Autor: Tahir, Marghoob Hussain
Jazyk: urdština
Rok vydání: 2021
Předmět:
Zdroj: 外国語教育のフロンティア. 4:197-208
ISSN: 2433-9636
Popis: 教材研究
言語の学習は、文法の理解とともに、その言語圏での文化を教養として理解しておくことが必要であることは言を俟たない。ウルドゥー語文化圏では、日常の会話においても文学に関する話題が出ることが多く、古典詩は会話中や新聞、テレビ番組などで引用されることが多く、その教養は不可欠なものとなっている。本稿は、ウルドゥー語を学習する日本人学生を対象とした教材のうち、ウルドゥー古典文学を代表する詩人ミール・タキー・ミール (Mīr Taqī Mīr, 1723-1810) とミルザー・アサドゥッラー・ハーン・ガーリブ (Mirzā Asad Allāh Khān Ghālib, 1779-1869) に関する紹介文である。ミールとガーリブはウルドゥー古典詩、特に恋愛抒情詩ガザル (ghazal) において知られる詩人であり、ミールはウルドゥー文学史上、「デリー詩派第1期」「デリー詩派の黄金期」、もしくは「ミールとサウダー (Mirzā Muḥammad Rafī‘ Sawdā, 1718-81) の時代」と呼ばれる時代を担った詩人として知られ、ガーリブは「デリー詩派第2 期」すなわちムガル朝末期のウルドゥー古典詩最後の大詩人とされる。

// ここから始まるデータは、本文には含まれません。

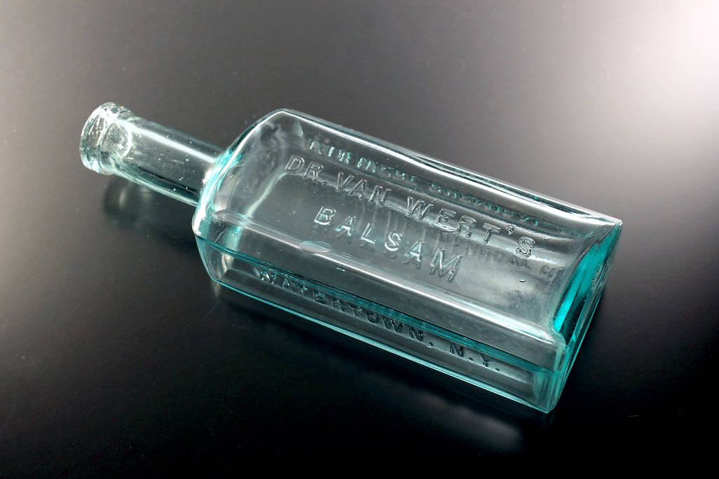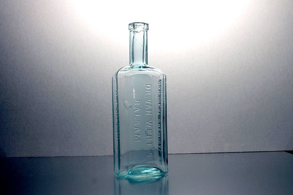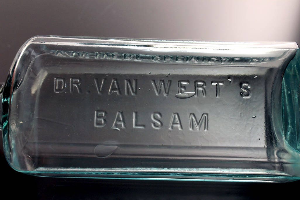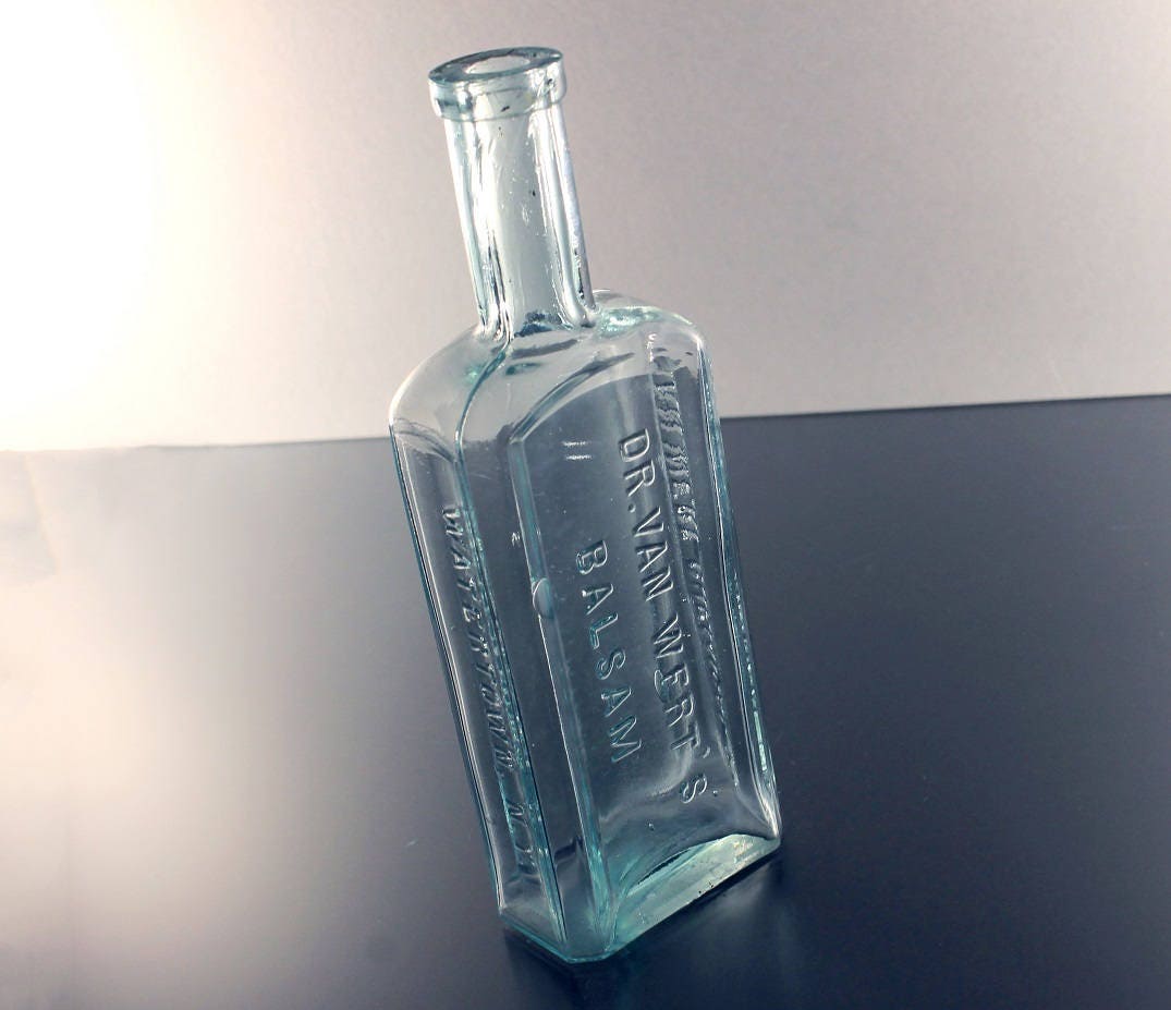 Antique Bottle, Dr Van Wert's Balsam, Van Wert Chemical Co, Watertown, NY, Aqua, Circa 1800s, Quack Medicine Bottle, Pharmaceutical Cure, Patent Medicine, Embossed
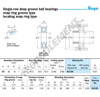 Le Roulement à Billes, connu sous la référence 6010-N-JTEKT, de la marque JTEKT, possède un diamètre intérieur de 50mm, un diamètre extérieur de 80mm et une épaisseur de 16mm.
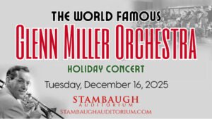 ![]() The Glenn Miller Orchestra will perform a Holiday Concert on Tuesday, December 16 at 7:30pm at Stambaugh Auditorium. The Legendary big band will bring their extensive repertoire of hits, along with Christmas Favorites to Stambaugh Auditorium. American musician, arranger, composer, and bandleader, Glenn Miller, is one of the best known names from the swing era. |
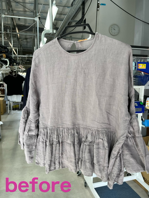 麻のブラウスのビフォーアフターです。麻製品はとても着心地はいいのですがしわが... -
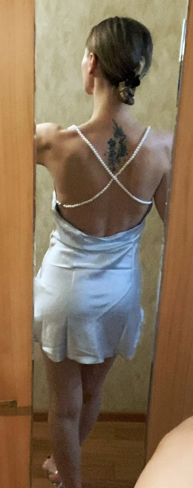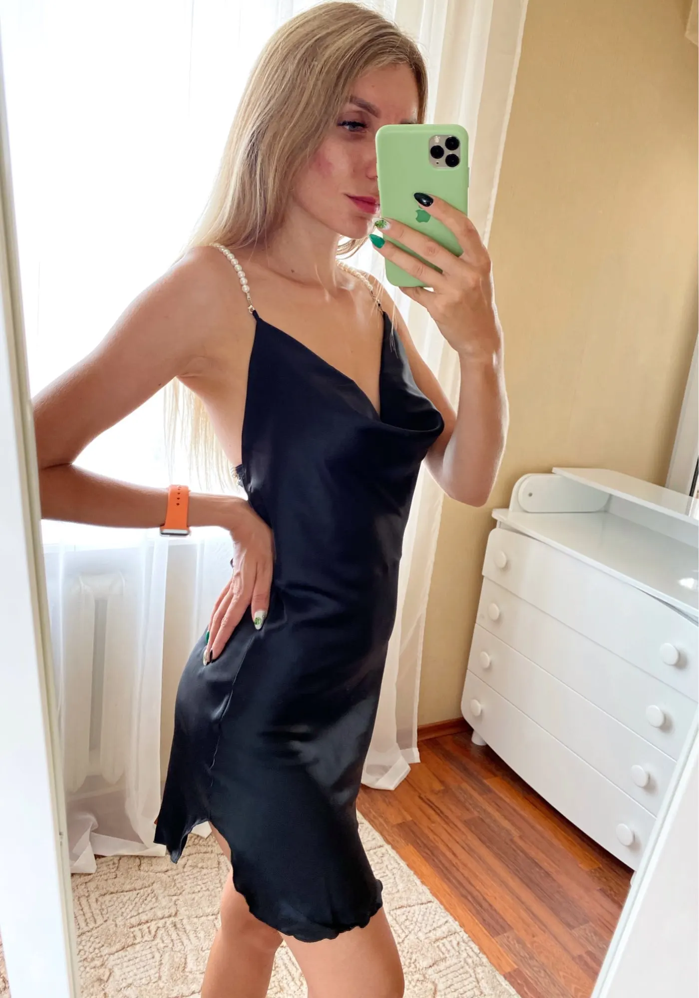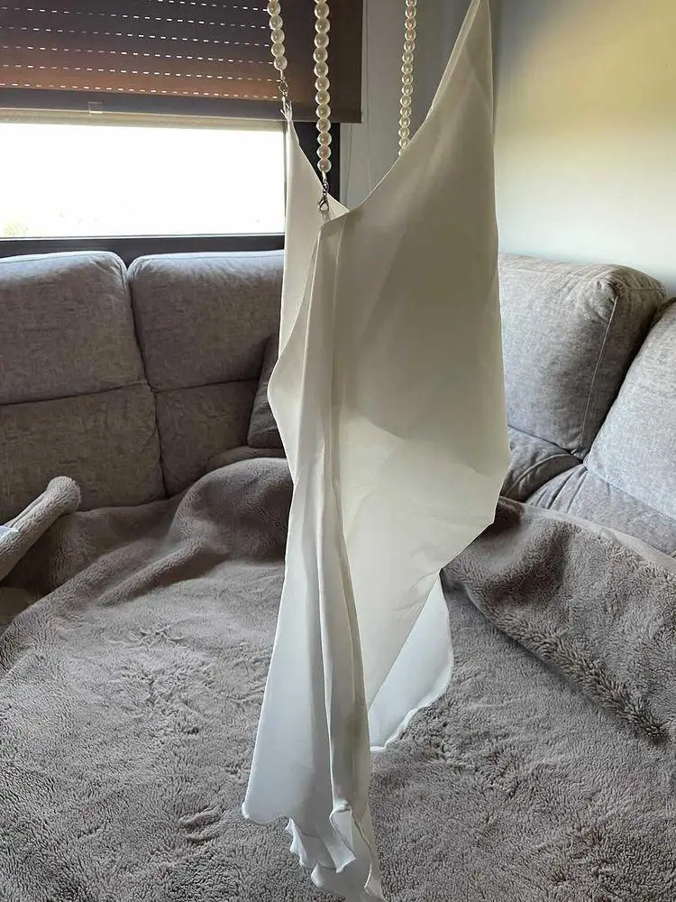 The dress is chic, looks very impressive. ⠀Size M, on my parameters 83-65-89 came up perfectly. On the photo of the store of the dress at the waist, I like the same as the village on me) On height 171, the length is critical, especially on the sides where the cuts. The straps are made in the form of pearls, removable, convenient to wear a dress and wash. The dress is made under the satin, but the fabric is thin. Delivery to Ukraine 3 weeks

ミールの詩には狂おしいほどの恋情や悲嘆がリズミカルに描かれているが、そこにはスーフィズムの影響からの無常観もみられる。ここでは、これらの特徴を含む詩句を紹介している。ガーリブはウルドゥー語の詩作だけでなく、ペルシア詩や、その散文でも知られている。ガーリブは1857 年のインド大反乱時もデリーを離れることなく、デリーを離れた多くの弟子や知人らに大量のウルドゥー語書簡を送ったが、この散文が当時のイギリス人の目に留まり、その内容の面白さから「ガーリブの書簡」として知られ、イギリス人のウルドゥー語散文教科書となった。ガーリブの書簡は近代散文の一例として今日のパキスタンでのウルドゥー語教科書にも用いられている。かくして、ミールとガーリブの存在はウルドゥー語話者にとっては、「常識」となっている。ここでは、各詩人の生涯の概要と作品の特徴を、文法的に理解しやすい詩句を例示しつつ解説している。分量はそれぞれ1 回の授業で読む程度のものとし、語彙や文体も中級の学生が理解できるよう簡明なものとなるように心がけた。これにより、中級レベルのウルドゥー語運用能力によって、ウルドゥー文学の基本的知識と教養である古典詩人2 名について理解できることを目指す。